August 2004 | Hightower Lowdown

Halliburton’s Campaign

by Jim Hightower

You can tell when a corporation has been caught doing bad things, just by watching television. Not the news, the commercials. The stinkier the corporation, the more commercials you’ll see extolling the pure sweetness of the company.

The latest to saturate the airwaves with ads is Halliburton—and does it ever need them! Dick Cheney’s old outfit has a heap of stink on it, starting with the fact that it “magically” got some $9 billion worth of “no bid” contracts from the Bush-Cheney Pentagon to provide such services in occupied Iraq as gasoline, running the mess halls, and bath towels for the GIs. And Halliburton has been ripping us off on all this stuff.

The company is now under assorted criminal investigations, for grossly overcharging us on the gasoline, serving spoiled food in the mess halls and supplying towels bearing its own logo, charging $3 each for them when non-logo towels are much cheaper. Halliburton has gotten so stinky that it’s become a political issue in the presidential campaign, and even George W. has had to criticize its profiteering.

So now we’re suddenly subjected to ads showing Halliburton accomplishing miracles in Iraq, ads that use our soldiers and the Iraqi people as props to justify its bilking of U.S. taxpayers.

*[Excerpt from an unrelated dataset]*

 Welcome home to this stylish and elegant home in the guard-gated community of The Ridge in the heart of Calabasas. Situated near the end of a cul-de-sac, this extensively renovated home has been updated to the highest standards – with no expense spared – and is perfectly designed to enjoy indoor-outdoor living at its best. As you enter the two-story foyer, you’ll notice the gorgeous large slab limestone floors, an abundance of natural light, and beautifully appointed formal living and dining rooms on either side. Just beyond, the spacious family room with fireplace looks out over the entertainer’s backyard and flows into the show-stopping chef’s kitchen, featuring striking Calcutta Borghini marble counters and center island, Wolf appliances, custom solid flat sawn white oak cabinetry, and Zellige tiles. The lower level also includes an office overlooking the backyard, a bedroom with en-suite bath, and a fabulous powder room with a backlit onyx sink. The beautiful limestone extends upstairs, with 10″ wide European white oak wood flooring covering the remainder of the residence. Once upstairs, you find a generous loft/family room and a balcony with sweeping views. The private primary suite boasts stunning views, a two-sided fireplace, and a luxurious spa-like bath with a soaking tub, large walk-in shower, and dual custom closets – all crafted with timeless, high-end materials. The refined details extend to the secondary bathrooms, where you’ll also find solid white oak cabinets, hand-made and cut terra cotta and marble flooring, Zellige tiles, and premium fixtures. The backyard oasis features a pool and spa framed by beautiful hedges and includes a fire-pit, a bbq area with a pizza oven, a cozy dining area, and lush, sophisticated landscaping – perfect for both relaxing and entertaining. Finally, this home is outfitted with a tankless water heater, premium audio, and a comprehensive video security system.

How defensive is Halliburton? So defensive that it felt compelled to make an ad trying to separate itself from its cozy ties to Cheney: “We’re serving the troops,” says this hilarious pitch, “because of what we know, not who we know."

But the company has also gone on the offensive—in both senses of that word. Halliburton’s CEO, in a statement that is both cynical and whiney, attacked all who dare criticize the corporation, saying that they are guilty of “political profiteering."

What a greedhead. Halliburton profiteers on this war, uses some of those war profits to whitewash its actions, and then tries labeling its taxpaying critics as profiteers.